Общее в положении всех царевен — их вынужденное «монашество» во дворце из-за невозможности выйти замуж за неровню — боярских сыновей, считавшихся «холопами», и отсутствия подходивших по статусу православных женихов в Европе. Брак с отпрыском боярского рода мог в дальнейшем привести к посягательству его родственников на царский трон. Григорий Котошихин фиксировал, что сестры и дочери русского царя живут, «яко пустынницы, мало зряху людей и их люди, но всегда в молитве и посте пребываху и лица свои слезами омываху, понеже удоволство имеяй царственное, не имеяй бо себе удоволства такова, как от всемогущего Бога ведано человеком совокуплятися и плод творити». Печальная судьба царевен, лишенных нормальной семьи, накладывала отпечаток на их характеры и образ жизни.
Немногие попытки московских государей выдать своих любимых дочек замуж за принцев королевской крови европейских держав ничем хорошим не окончились. Еще Борис Годунов хотел сосватать свою дочь Ксению за датского королевича Иоганна. Осенью 1602 года жених прибыл в Москву, но вскоре умер. Более чем 30 лет спустя, в 1637-м, приехало датское посольство, чтобы перевезти «кости» королевича на родину. Вспомнилась вся история с планировавшимся браком. Возможно, она и навела Михаила Федоровича на мысль сделать датскому королю новое матримониальное предложение. Старшая дочь царя Ирина (1627–1679) оказалась «счастливицей», которой предстояло разрушить давнюю печальную традицию безбрачия и бесплодия царевен.

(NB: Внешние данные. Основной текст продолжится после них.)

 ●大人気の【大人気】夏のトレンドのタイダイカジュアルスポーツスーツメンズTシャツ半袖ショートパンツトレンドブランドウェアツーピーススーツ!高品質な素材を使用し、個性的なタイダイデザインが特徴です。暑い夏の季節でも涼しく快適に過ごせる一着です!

Начались долгие переговоры и рассмотрение кандидатур сыновей датского короля Кристиана IV, кто из них сможет жениться на Ирине. Оказалось, что только Вальдемар, сын от второго морганатического брака короля с графиней Мунк, подходит по всем статьям. Возможно, русскую сторону устраивало, что Вальдемар как дитя мезальянса («сын с левой руки», по выражению русских источников) не мог претендовать на королевский статус у себя на родине, а значит, в Московии не мог быть соперником подраставшему Алексею Михайловичу. Сведения о потенциальном женихе тайно и долго собирались через датского королевского приказчика Петра Марселиса (купца и заводчика, выросшего в Москве и неоднократно выполнявшего дипломатические поручения в Европе) и других лиц. Был заказан портрет Вальдемара. Но ни сам жених, ни его отец ни сном ни духом не ведали об этих планах московского двора. Когда королю донесли о настойчивых расспросах о его сыне, он даже подумал, что того хотят пригласить в Россию для каких-то военных дел, но никак не для женитьбы. Поэтому когда в 1641 году датское посольство направилось в Москву, во главе его ехал девятнадцатилетний граф Шлезвиг-Гольштейнский, сиречь Вальдемар.

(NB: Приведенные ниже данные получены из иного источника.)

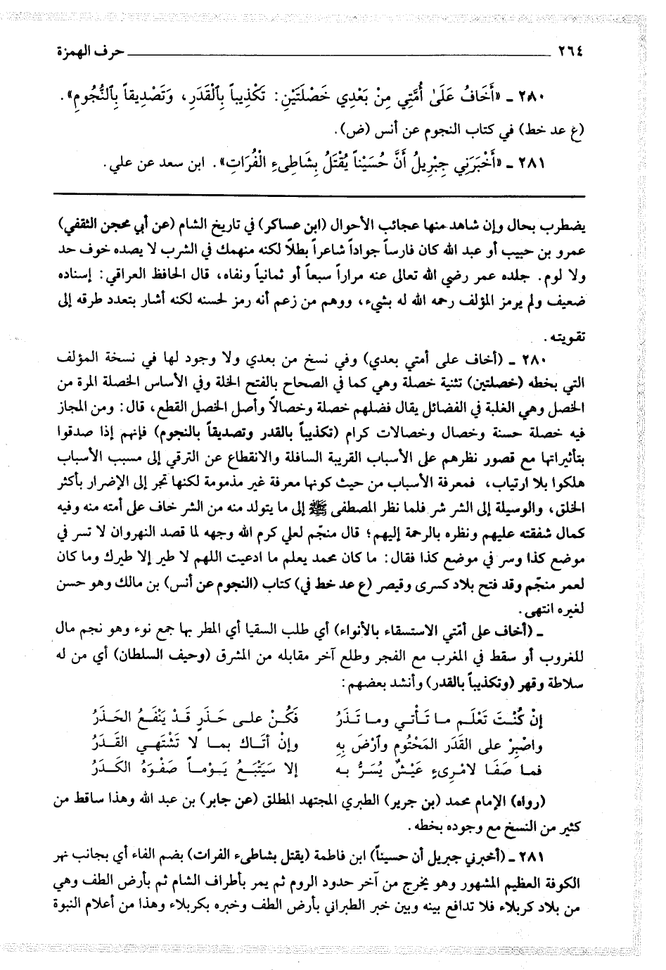 281 - (أخبرني جبريل أن حسينا) ابن فاطمة يقتل بشاطئ الفرات) بضم الفاء أي بجانب نهر الكوفة العظيم المشهور وهو يخرج من آخر حدود الروم ثم يمر بأطراف الشام ثم بأرض الطف وهي من بلاد كربلاء فلا تدافع بينه وبين خبر الطبراني بأرض الطف وخبره بكربلاء وهذا من أعلام النبوة

Королевичу не понравилось в Москве, хотя ему устроили торжественную встречу и пышный прием в Кремлевском дворце. Он был возмущен, когда ему предложили снять шпагу перед царской аудиенцией. Однако Вальдемар приглянулся отцу и матери будущей невесты, а это было главное. Встреча, по свидетельству «Нового летописца», «была болшая», но царь своих намерений не раскрыл. Королевич, осыпанный подарками, «отпущен был в Дацкое землю».

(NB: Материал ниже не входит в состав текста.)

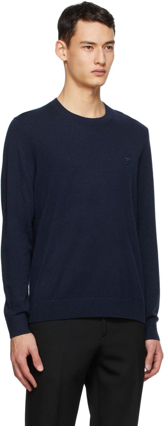 Burberry Navy Cashmere Monogram Motif Sweater
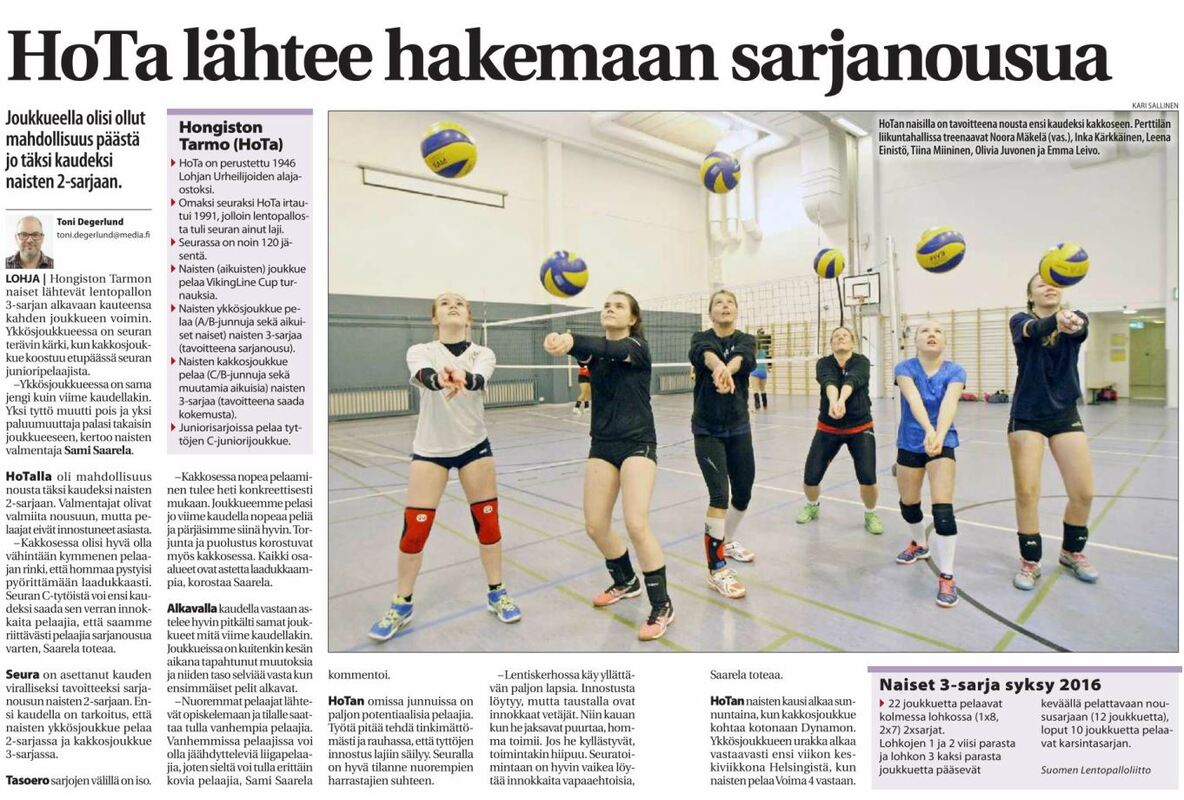 Länsi-Uusimaan juttu to 6.10.2016 Naisten 1-joukkue: A/B-tytöistä Noora Mäkelä, Tuula Talvitie, Inka Kärkkäinen, Iida Mäki, Julia Komulainen, Janna Helander, Janika Eloranta, Salla Seger, Jenni Kärkkäinen ja kokeneempia pelaajina Eija Kärnä sekä Leena Einistö. Vastuuvalmentajina Sami Saarela ja Pasi Helander

В апреле 1642 года официальное русское посольство во главе с окольничим Степаном Матвеевичем Проестевым и дьяком Иваном Исааковичем Патрикеевым прибыло в Данию для заключения брачного договора. Важнейшим условием намечавшегося союза был переход Вальдемара в православное вероисповедание. Это сразу же не понравилось Кристиану IV и его окружению. Кроме того, отзывы самого королевича и членов его посольства о русском царе и его дворе были, скорее всего, не очень лестными. По просьбе Михаила Федоровича в дело вмешался Петр Марселис, умело расставивший акценты и показавший несомненную выгоду союза с Россией как для Дании, так и лично для королевича. Марселис оговорил также условия приезда Вальдемара в Россию для заключения мирного договора и брачного союза. Дело сдвинулось с мертвой точки.
Наконец зимой 1644 года большое датское посольство во главе с королевичем отбыло в Москву. Дорогих гостей встретили у самой границы, в Пскове, поднесли подарки, дали хорошую охрану, в каждом крупном городе устраивали церемонии «большой» встречи. В Кремле жениху отвели заново отстроенные покои Бориса Годунова, соединив их переходами с Теремным дворцом. Всё было организовано на высшем уровне, включая прием в Грановитой палате, где королевич познакомился с братом невесты Алексеем Михайловичем. Между молодыми людьми завязались дружеские отношения: они вместе ездили на охоту, ходили друг к другу в гости.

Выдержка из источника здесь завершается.